START COLLECTED DATA

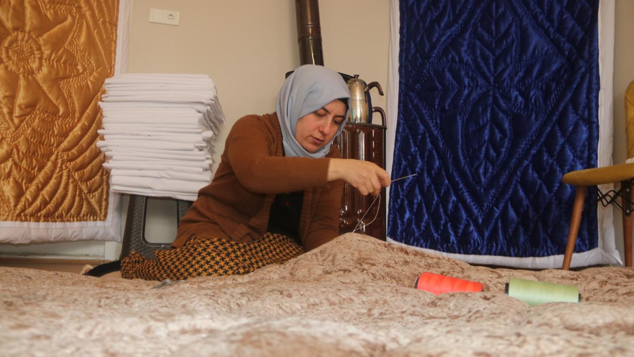 Boş zamanlarını değerlendirmek için Aile Destek Merkezi`nde açılan kursa katılan 3 çocuk annesi Or, öğreticilerden aldığı eğitim sayesinde unutulmaya yüz tutan sanatlardan yorgancılık mesleğini öğrendi.
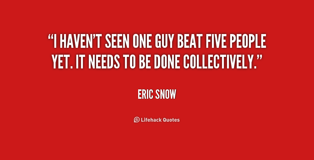 I haven't seen one guy beat five people yet. It needs to be done collectively.
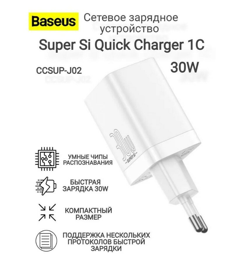 Зарядное устройство Baseus Super Si Quick Charger Type-C 30W EU, белое (CCSUP-J02)
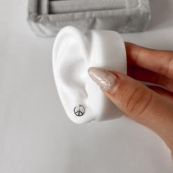 Brinco medalha símbolo da paz 8mm | Mya Prata

END COLLECTED DATA

## [INSTRUCTIONS TO FOLLOW]
Beginning at the line with "Зарядное устройство Baseus" and ending at the last line of the listing above, retype each line exactly, including those two lines. Leave the pictures out.

## [EXERCISE RESULT]
 Зарядное устройство Baseus Super Si Quick Charger Type-C 30W EU, белое (CCSUP-J02)
 Brinco medalha símbolo da paz 8mm | Mya Prata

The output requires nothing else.